:: Exercise requirements ::
Repeat each entry word for word; the images are not part of the copy.
- Opening Delimiter -
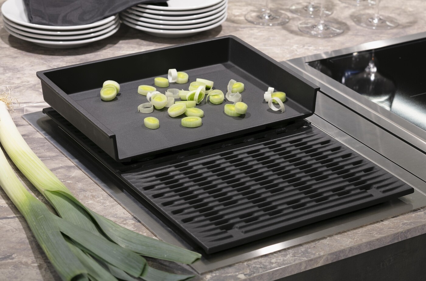 Wenn auch Sie in dieser Art braten möchten, haben wir eine gute Nachricht für Sie: Es gibt Kochfeld-Systeme, bei denen eine Teppanyaki-Platte bereits integriert ist. Dazu empfehlen wir einen leistungsstarken, aber leisen Dunstabzug oder eine Muldenlüftung.
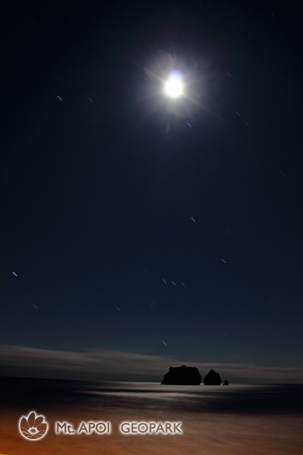 真夜中に月のあかりによって、親子岩が暗闇から浮かびあがった。
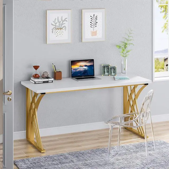 LITTLE TREE 55 Large Modern Computer Desk, White & Gold Luxury Laptop PC Student Table, Makeup Vanity Table with Thick Frame & Strong Legs, Sturdy Writing Workstation for Home & Office
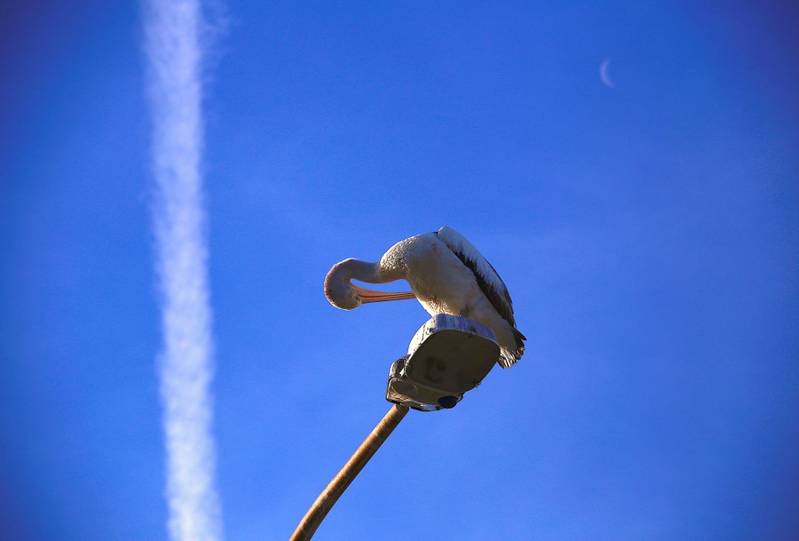 Read moreA plane's trail and the moon can be seen behind a Pelican, Australia's largest flying bird, as it cleans itself atop a street light on an Autumn day in the northern beaches suburb of Narrabeen in Sydney, Australia, on May 30, 2017. #
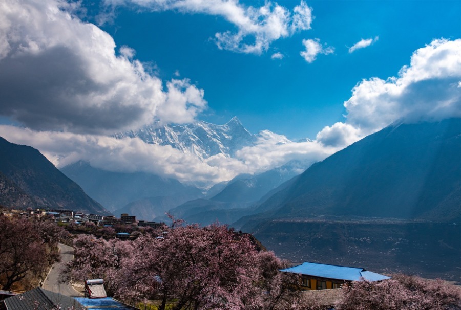 La foto tomada el 1 de abril de 2020 muestra flores de durazno a lo largo del Gran Cañón del río Yarlung Zangbo, en la región autónoma del Tíbet, en el suroeste de China. La majestuosa belleza de las montañas nevadas en el horizonte, junto con un paisaje florido al pie de la colina, crean aquí una estampa primaveral única. El Gran Cañón del río Yarlung Zangbo tiene un promedio de 5.000 metros de profundidad, lo que lo convierte en el más profundo del mundo, seguido por el Gran Cañón de EE. UU. y el Gran Cañón de Colia en Perú. [Foto/Xinhua]
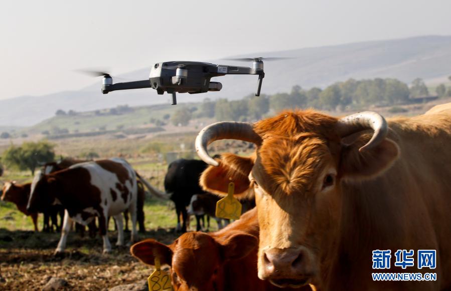 這是11月23日在戈蘭高地拍攝的正在牧牛的無(wú)人機(jī)。
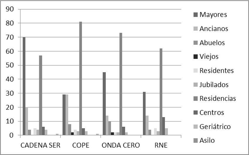 Las cuatro cadenas presentan homogeneidad en el uso de palabras clave, decantándose por la aparición de “mayor/es” y “residencias” y no considerando el tratamiento del concepto, con niveles muy bajos de representación. Destaca el empleo de COPE, que iguala “mayores” a “ancianos” ( Gráfico 1). En cuanto a las palabras clave de personas, resalta la SER, que emplea más las palabras que designan personas que las que designan espacios.
- Closing Delimiter -
:: Finished exercise ::
 Wenn auch Sie in dieser Art braten möchten, haben wir eine gute Nachricht für Sie: Es gibt Kochfeld-Systeme, bei denen eine Teppanyaki-Platte bereits integriert ist. Dazu empfehlen wir einen leistungsstarken, aber leisen Dunstabzug oder eine Muldenlüftung.
 真夜中に月のあかりによって、親子岩が暗闇から浮かびあがった。
 LITTLE TREE 55 Large Modern Computer Desk, White & Gold Luxury Laptop PC Student Table, Makeup Vanity Table with Thick Frame & Strong Legs, Sturdy Writing Workstation for Home & Office
 Read moreA plane's trail and the moon can be seen behind a Pelican, Australia's largest flying bird, as it cleans itself atop a street light on an Autumn day in the northern beaches suburb of Narrabeen in Sydney, Australia, on May 30, 2017. #
 La foto tomada el 1 de abril de 2020 muestra flores de durazno a lo largo del Gran Cañón del río Yarlung Zangbo, en la región autónoma del Tíbet, en el suroeste de China. La majestuosa belleza de las montañas nevadas en el horizonte, junto con un paisaje florido al pie de la colina, crean aquí una estampa primaveral única. El Gran Cañón del río Yarlung Zangbo tiene un promedio de 5.000 metros de profundidad, lo que lo convierte en el más profundo del mundo, seguido por el Gran Cañón de EE. UU. y el Gran Cañón de Colia en Perú. [Foto/Xinhua]
 這是11月23日在戈蘭高地拍攝的正在牧牛的無(wú)人機(jī)。
 Las cuatro cadenas presentan homogeneidad en el uso de palabras clave, decantándose por la aparición de “mayor/es” y “residencias” y no considerando el tratamiento del concepto, con niveles muy bajos de representación. Destaca el empleo de COPE, que iguala “mayores” a “ancianos” ( Gráfico 1). En cuanto a las palabras clave de personas, resalta la SER, que emplea más las palabras que designan personas que las que designan espacios.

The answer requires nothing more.